FOM: "profound changes"

Moshe' Machover moshe.machover at kcl.ac.uk
Wed Aug 12 16:55:53 EDT 1998


At 2:24 am +0100 12/8/98, Harvey Friedman wrote, inter alia:

>And just to indicate that what I am
>concerned about has nothing whatsoever to do specifically with recursion
>theorists or recrusion theory, let me generalize about the pattern that I
>have witnessed in other subareas of mathematical logic. I suspect that it
>occurs in other areas of mathematics as well.

>From personal experience I can confirm that it certainly does. HF's
assessment in the paragraphs which follow are an uncannily accurate
description of the situation I found in the area of the measurement of
voting power (a sub-area of social choice, aka public choice) in which I
have been working for a number of years and which is quite remote from
logic. In fact, the situation here is if anything worse, because it is an
applied subject. So many people do a lot of empirical or semi-empirical
work, `applying' the mathematics to real-life situations as though they
were using cooking recipes, without giving a thought to `higher
intellectual goals ... for instance, the reasons why these
basic structures were defined in the first place - and the strengths and
weaknesses of these basic structures for the purposes they were created
for'.

>People in the field realize that some basic structures are hard to analyze,
>and that if one works hard enough, one can start to get some structural
>information. At some point, initial breakthroughs in this vein are made by
>some people, which creates a stir.
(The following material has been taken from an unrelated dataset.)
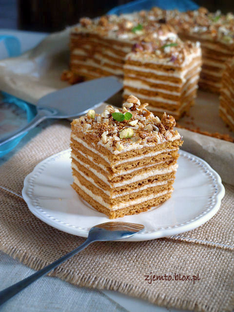 Dzisiaj coś dla fanów miodowników - tort miodowy. Kruche, miodowe ciasto przełożone przepysznym, aksamitnym, budyniowym kremem na śmietance z dodatkiem miodu. Dla przełamania smaku odrobina kwaśnej konfitury. Użyłam domowej z żurawiny, ale sprawdzi się też wiśnia albo czarna porzeczka. Ten tort, w przeciwieństwie do większości miodowników nie wymaga długiego leżakowania, by zmięknąć. Smakuje świetnie już… Czytaj dalej Tort miodowy

These people become the opinion makers
>of the field, and have students extending their results. Then research in
>the field starts getting evaluated more and more by what structural
>information it reveals about these basic structures, and less and less by
>any higher intellectual goals.
>
>By higher intellectual goals, I mean, for instance, the reasons why these
>basic structures were defined in the first place - and the strengths and
>weaknesses of these basic structures for the purposes they were created
>for. The field starts getting redefined in terms of the structural analysis
>of these particular basic structures. Other issues that were predominant -
>perhaps at an informal level only - in the early stages of the subject,
>become downplayed, or even marginalized.
>
>In late stages of this process, researchers start to forget what any of
>these higher intellectual goals are or were ever conceived to be.
>Eventually, the students no longer come into contact in any substantial way
>with any higher intellectual goals.
>
>Before going any further, let me indicate how this is manifested in
>practice. Some people will do research that doesn't fall into this focused
>mode. In some cases their research deals directly with the higher
>intellectual goals - at least more directly than the focused structural
>studies that dominate the field. But they find that their careers are
>seriously restricted compared to people working on the focused structural
>studies. They find that the major places of employment are populated mainly
>by the people who made the initial breakthroughs in the focused structural
>studies, and their students, and the students of their students, etcetera,
>who have become accustomed to automatically evaluating research in terms of
>the focused structual studies. In a tight labor market, these people (doing
>research that doesn't fall into the focused mode) may even become
>unemployed.
>
>In any case, the distinction between the careers of those who concentrate
>on the focused structural studies and those who don't becomes well known
>and reinforces itself.
>
>Another strong factor in the equation is the peer review method of awarding
>grants. When money is tight, mixed reviews will generally kill funding.
>Reviewers will naturally reserve their high praise for work that is very
>much like theirs; high praise for work very much like theirs is essentially
>the same as high praise for their own work. Consideration of higher
>intellectual goals could make such a system fairer. But consideration of
>higher intellectual goals becomes so remote a consideration that it plays
>essentially no role. The difficulties involved in getting funding for
>virtually anything outside the focused structural studies become
>insurmountable for almost anyone.

I am sure this is the situation in quite a number of areas!